The following was originally published on the New York University alumni pages.
A 2003 graduate of the Composition and Performance Program in Steinhardt’s Department of Music and Performing Arts Professions, Edward Green spent his childhood and early teenage years on Long Island in a way that would not make you think he’d end up as a musician. He dreamed instead of outer space and rocket ships, and planned to pursue a career as an aerospace engineer.
So how did he become a distinguished composer and music educator? How did he come to have a doctorate in music from NYU, and several CDs to his name? Here’s the story:
As a young boy, thinking of himself as a future scientist, and imagining space-stations orbiting Mars built to his blueprints, Edward was also drawn to music. Like many other young Jewish boys on Long Island who felt an impulse towards music, he took inspiration from the famous American composer and pianist Leonard Bernstein, who at the time was conductor of the New York Philharmonic. Bernstein was famous for his regular series of TV shows explaining classical music to young people, and also for his musical West Side Story. He seemed both sophisticated and popular at once-and that combination was exciting to Edward, as it was to his friends.
So Ed asked his parents if he could study piano. They said yes, and took him to Herbert Green-a Juilliard graduate who lived and taught just blocks away in Ed’s hometown, Jericho. Herbert Green was not a relative, but he was a good musician who encouraged Ed to keep his interest in music wide: to study (ala Bernstein) both its classical and popular aspects. By exploring these different genres, Edward developed an understanding of both technical theory and ear-training. And perhaps even more important for his future as a composer, studying popular piano required improvisation and this planted the seed for his later creative work. His first composition, in fact, arose from a very emotional improvisation. It was written at the age of ten, as a tribute to the family pet, Kippy, who had died just days before. “It was modeled, I see now,” Ed says, “on Dvorak’s New World Symphony. But I didn’t know it at the time. It just seemed to pour forth. It was heartfelt. I have to say, I still like it.”
Yet despite his obvious talent, Edward’s interest in music remained a hobby throughout his childhood and junior high years. Science seemed a serious thing to him-an important thing. His father, after all, had a factory which made electronic equipment, including radar cabinets. And his father had blueprints! Music seemed fun-something that Ed knew would always be part of his life, but he thought of it then just as a hobby, nothing more.
Then, at the age of fourteen, he came across a book which changed his outlook completely. It was a copy of Eli Siegel’s The Aesthetic Method in Self-Conflict, a work explaining the true importance of art in the world.
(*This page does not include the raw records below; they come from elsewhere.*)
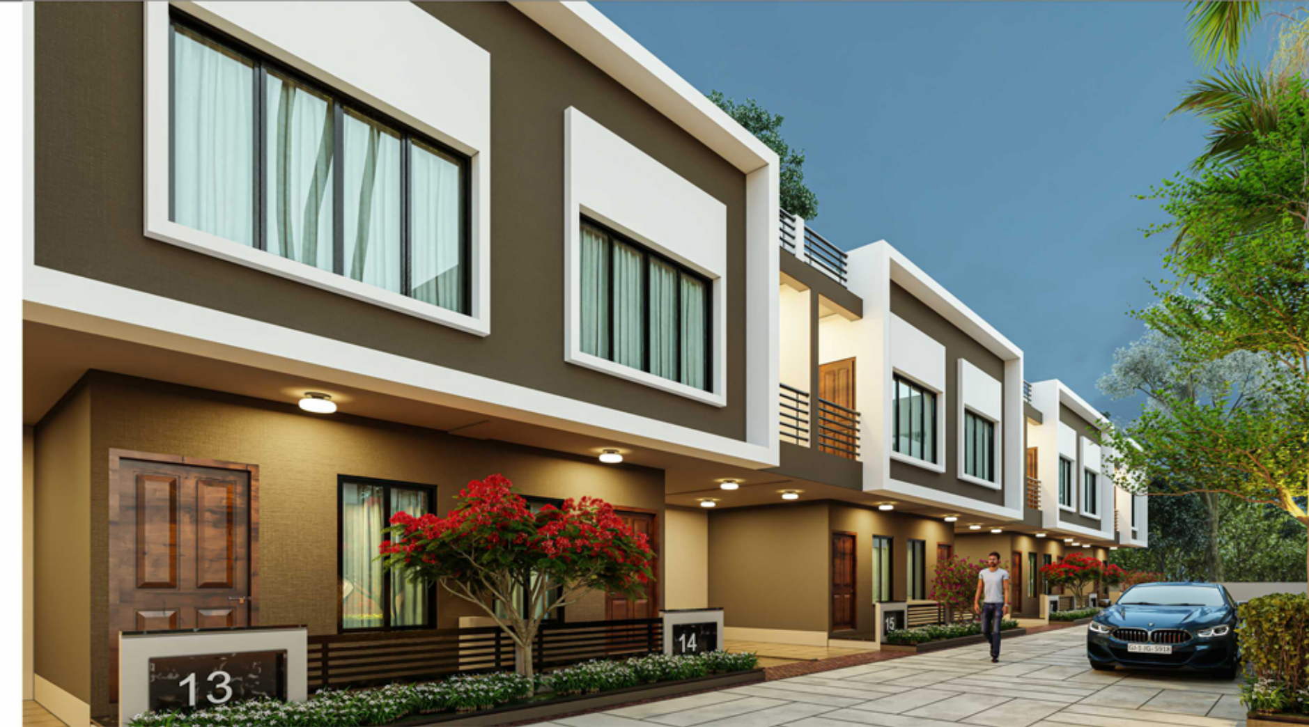
4BHK Bungalow, Geratour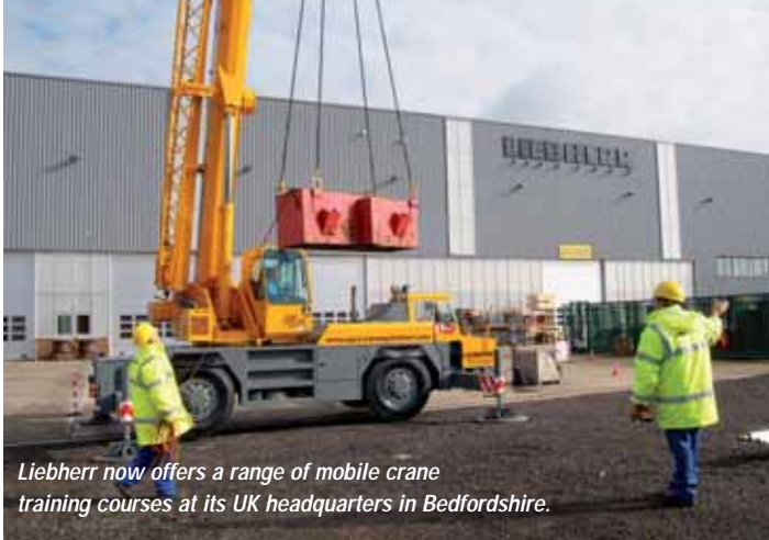
Liebherr now offers a range of mobile crane training courses at its UK headquarters in Bedfordshire.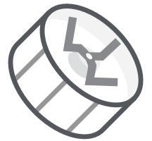
stainless steel cross blade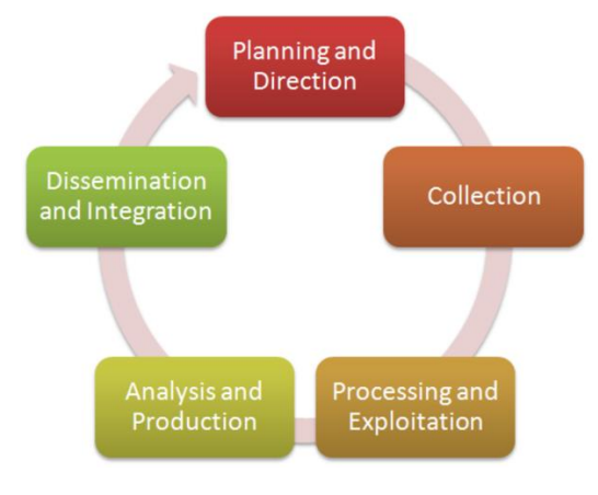
Figure 3: Intelligence cycle

Based on the literature [17], a need has been identified to investigate and define how threat intelligence sharing platforms can address different activities within the intelligence cycle model [74]. In this section, a set of properties enabled by TIPs is provided per intelligence cycle phase as Functional Areas (FA).

The slim, forty-page work-actually a chapter from Siegel’s philosophic masterpiece, Self and World: an Explanation of Aesthetic Realism-explained that what made for beauty in art was the same thing that people are looking for in our lives in order to be happy. Music puts opposites together, and that is what we want to do.
For example, music is, at the same time, both orderly and free; it is strong, and it is sweet; it requires discipline but also spontaneity. One of the great sentences in Eli Siegel’s book, Edward told us, was this: “Beauty has to be seen as complete logic, good sense carried further than usual: resplendent sanity.”
Inspired by these great ideas, Edward began studying music far more seriously and with increased dedication. He took lessons with Morton Estrin, a world class classical pianist and a professor at Hofstra University, and took weekly trips into Manhattan to study composition with Meyer Kupferman, a professor at Sarah Lawrence College. Following high school, Edward enrolled at Oberlin Conservatory in Ohio and began penning avant-garde classical concert pieces, which he describes as “atonal and athematic.” “It was the hip thing to do, in those days, and I wanted to be impressive,” he told us.
Then, without warning, the bottom seemed to fall out. It was during his sophomore year that Edward began to struggle with his compositions, and soon he found it impossible to write anything at all. He felt weighed down by an inability to compose freely and passionately, as he once had, and none of his professors could tell him why. At that point, he left the Conservatory, and took a degree at Oberlin College instead.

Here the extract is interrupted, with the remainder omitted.